With the hottest days of summer approaching, utilities are looking to make sure their demand response resources are ready to be called upon when the temperature spikes. Direct Load Control (DLC) is one key type of demand response used by utilities to reduce residential air conditioning loads, a prime driver of summer peak demand. DLC technology throttles back demand to maintain grid stability and avoid the need to build additional power plants.
The latest figures from the Federal Energy Regulatory Commission (FERC) show that there are 380 DLC programs in the US providing over 8 GW of peak capacity. What you may find surprising is that nearly all of these programs, and their nearly 6 million participants, run on one-way paging networks, a technology that is nearing obsolescence.
Technology obsolescence is not the only issue facing utilities with legacy DLC systems. One-way communications means no information is sent back to the utility from the installed load control devices that cycle off customer appliances. Consequently, it is not only difficult, but also costly for utilities to verify load reductions and pinpoint non-functioning devices for repair or replacement.

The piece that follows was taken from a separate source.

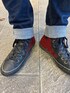カーコートは1900年代初頭、自動車を運転するときに着用した上着だそうです。当時の自動車は屋根もなければ暖房もなかったため、このような無骨で肉厚、ポケットがたくさん付いている防寒着が必要とされたのでしょう。 さて、今日のワンポイントはスニーカーです。コンバースオールスターですが、前半分がレザー、後ろ半分が赤のチェック柄キャンパス生地になっているユニークなデザイン。外側にサイドジップがついていて、一番上には革のベルトもついています。オールスターのシンプルなデザインとは方向性が反対ですが、たまにこういうのも履きたくなるんですよね。 ふだん滅多に履かないスキニーデニムを引っ張り出してきたのも、このスニーカーを引き立てるため(というか写真を撮りたいから)だったりします。
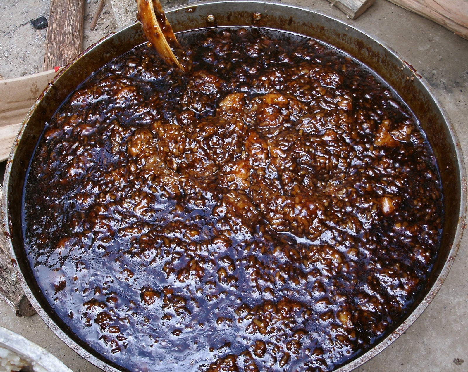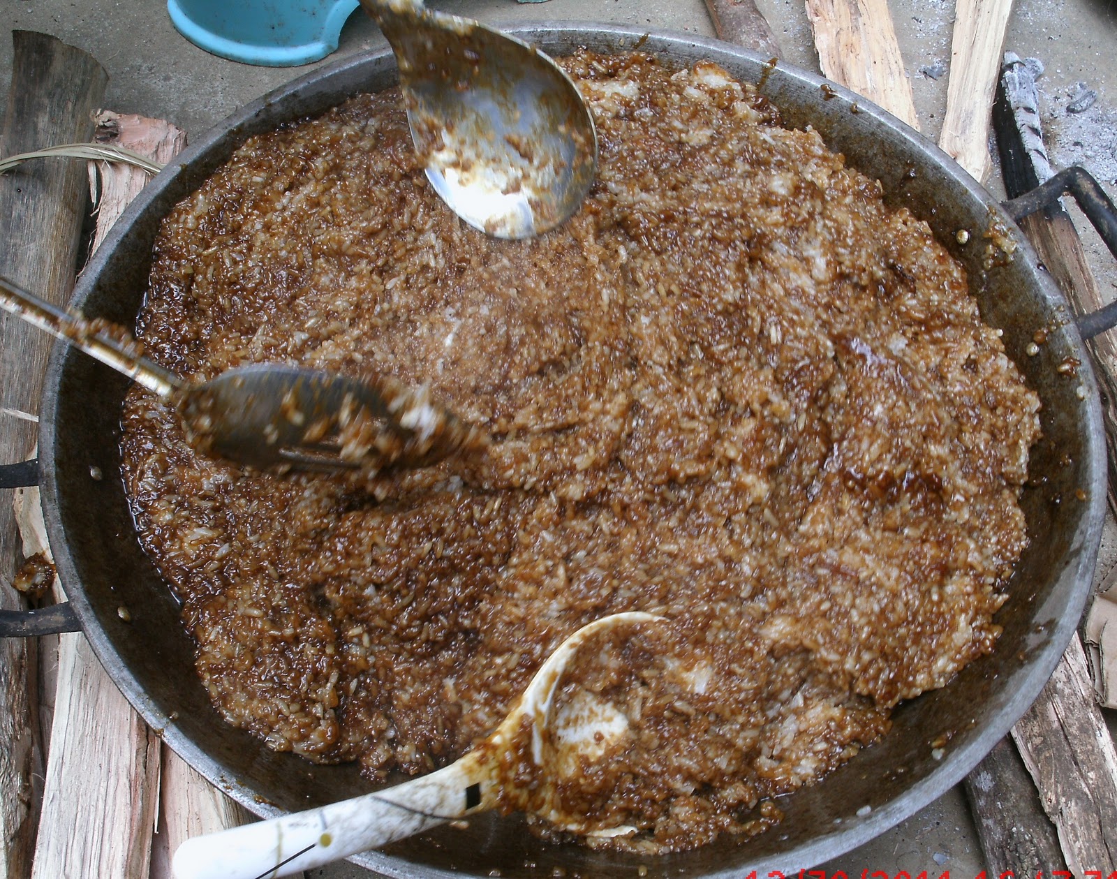 Venus and Rob in photo, are actually mixing the biko with the sugar syrup…

In spite of these shortcomings, utilities continue to pay incentives to all participants whether or not load was shed. As legacy DLC systems continue to age and have undetected failures, their benefits decline relative to the money utilities spend to run them.
The adoption of smart grid networks present utilities with a clear opportunity to modernize their DLC infrastructure and address the shortcomings of traditional solutions. Rather than relying on outdated one-way communications infrastructure for load control, utilities can operate DLC over the same robust, two-way smart grid network that supports smart meters and other utility assets.
Utilities can opt for an accelerated replacement timeline, where all legacy devices are upgraded over a two-to-five year period. This approach results in a faster speed to full benefits realization, but also has higher upfront costs. Alternatively, devices can be replaced gradually over time as they fail or as customers churn in and out of the program. This “organic replacement” strategy has lower overall costs but results in the need to run and maintain two systems for a longer period.
Using a hypothetical utility example, let’s demonstrate the business case for a smart grid-based DLC program under an accelerated replacement timeline. Our example utility has one million customers with a 10 percent participation rate in a legacy direct load control program (100,000 DLC participants). As the business case illustrates, even an incremental investment in DLC replacement will yield a significant improvement in program benefits.
Benefits of smart grid DLC replacement
Legacy paging networks have dead spots that prevent DLC devices from receiving and responding to load control events. And since paging networks operate in one direction, they can’t detect when devices fail, which reduces the success rate of load control events over time.
By replacing paging systems with two-way communications, utilities can now cost effectively detect and repair/replace failed devices to reclaim these benefits. And with a well-designed smart grid network, utilities should realistically expect to reach over 99 percent of their DLC devices when they call an event.
In addition to the benefits of a more reliable network, load control devices have gotten more intelligent in recent years, employing better cycling algorithms that can deliver 20 percent greater peak reduction when controlling air conditioners, for example.
When this increased load drop for air conditioners is combined with the higher connection rate provided by a smart grid, a utility can achieve up to 40 percent greater DLC program benefits. For the hypothetical utility example, this improvement adds up to $447 per participant in incremental benefits over a 15-year evaluation period.
Costs of smart grid DLC replacement
The largest costs associated with replacing a legacy DLC system is the new, two-way load control hardware and installation. Smart grid DLC devices cost more than the legacy one-way devices they replace. Other expenses include systems integration to connect the existing Load Management System (LMS) or Demand Response Management System (DRMS) to the smart grid head end software along with project management-related expenses.
Adding up these numbers, the hypothetical utility investing in DLC replacement spends $176 per participant above the cost of continuing to run the legacy system for another 15 years. But, keep in mind that $176 per participant investment leads to $447 per participant in additional benefits over the same time period, which adds up to more than $27 million dollars.
Utilities worldwide, including Oklahoma Gas and Electric (OG&E) and Sacramento Municipal Utility District (SMUD), are already seeing quantifiable beneà¯¬ts from smart grid-based DR programs. By replacing a legacy load control network with one based on a smart grid network, a utility can expect a benefits-to-costs ratio in a range from 1.5 to 2.0, depending on the number of participants, value of peak capacity, amount paid out in incentives, and how quickly the old DLC system is replaced. The benefits-to-costs ratio typically out performs legacy systems, which expands demand response program viability across a broader range of situations and regions.